Build a training data set for a custom model

When you use the Form Recognizer custom model, you provide your own training data so the model can train to your industry-specific forms. You can train a model with five filled-in forms or an empty form (you must include the word "empty" in the file name) plus two filled-in forms. Even if you have enough filled-in forms to train with, adding an empty form to your training data set can improve the accuracy of the model.

If you want to use manually labeled training data, you should start with at least five forms of the same type. You can still use unlabeled forms and an empty form in the same data set.

Training data tips

It's important to use a data set that's optimized for training. Use the following tips to ensure you get the best results from the Train Custom Model operation:

  • If possible, use text-based PDF documents instead of image-based documents. Scanned PDFs are handled as images.
  • For filled-in forms, use examples that have all of their fields filled in.
  • Use forms with different values in each field.
  • If your form images are of lower quality, use a larger data set (10-15 images, for example).
  • The total size of the training data set can be up to 500 pages.
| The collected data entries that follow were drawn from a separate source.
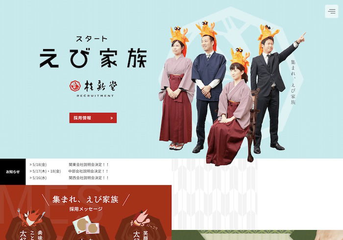 サイト内コンテンツの演出もえびを絡めているところに工夫を感じます。
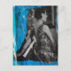 A Beautiful Woman in 1930 Black and White On Blue Postcard
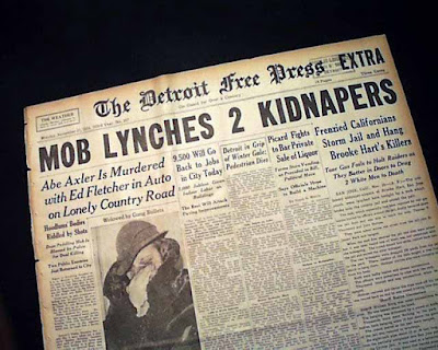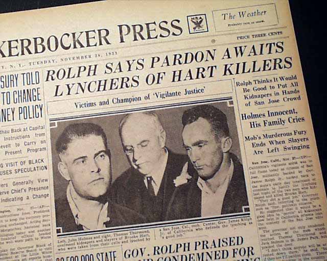 Thousands of peoples in San Jose, California, storm the jail where Thomas Thurmond and John Holmes are being held as suspects in the kidnapping and murder of Brooke Hart, the 22-year-old son of a local storeowner. The mob of angry citizens proceeded to lynch the accused men and then pose them for pictures.
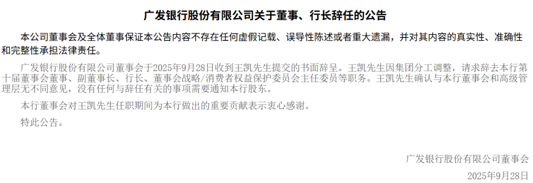 图/广发银行原行长王凯辞任公告(来源:广发银行官网)
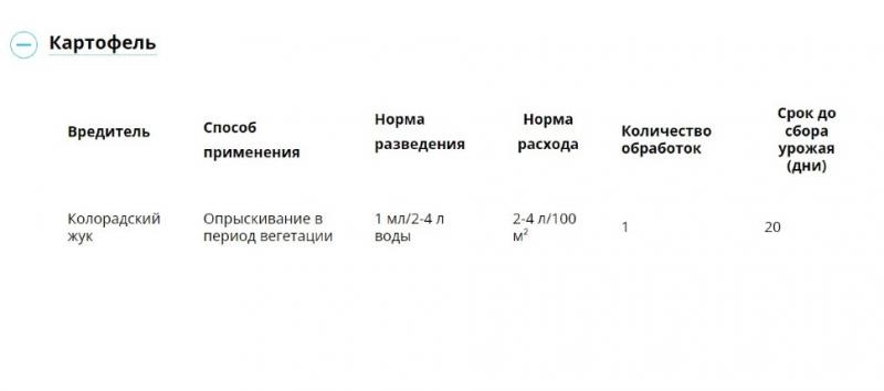 Проверенный временем препарат для борьбы с личинками и взрослыми особями колорадского жука. Обладает системным механизмом действия. Действует на взрослых жуков и личинок разных возрастов. При выпадении осадков не смывается с растения, сохраняя полную защиту всех его частей. Защищает культуру длительное время, поэтому можно ограничиться единичной обработкой посадки. Эффективно действует при широком диапазоне температур.  Действующее вещество: 200 г/л имидаклоприда. Препаративная форма: ВРК - водорастворимый концентрат.

General input requirements

Make sure your training data set also follows the input requirements for all Form Recognizer content.

Form Recognizer works on input documents that meet these requirements:

  • Format must be JPG, PNG, PDF (text or scanned), or TIFF. Text-embedded PDFs are best because there's no possibility of error in character extraction and location.
  • If your PDFs are password-locked, you must remove the lock before submitting them.
  • PDF and TIFF documents must be 200 pages or less, and the total size of the training data set must be 500 pages or less.
  • For images, dimensions must be between 600 x 100 pixels and 4200 x 4200 pixels.
  • If scanned from paper documents, forms should be high-quality scans.
  • Text must use the Latin alphabet (English characters).
  • For unsupervised learning (without labeled data), data must contain keys and values.
  • For unsupervised learning (without labeled data), keys must appear above or to the left of the values; they can't appear below or to the right.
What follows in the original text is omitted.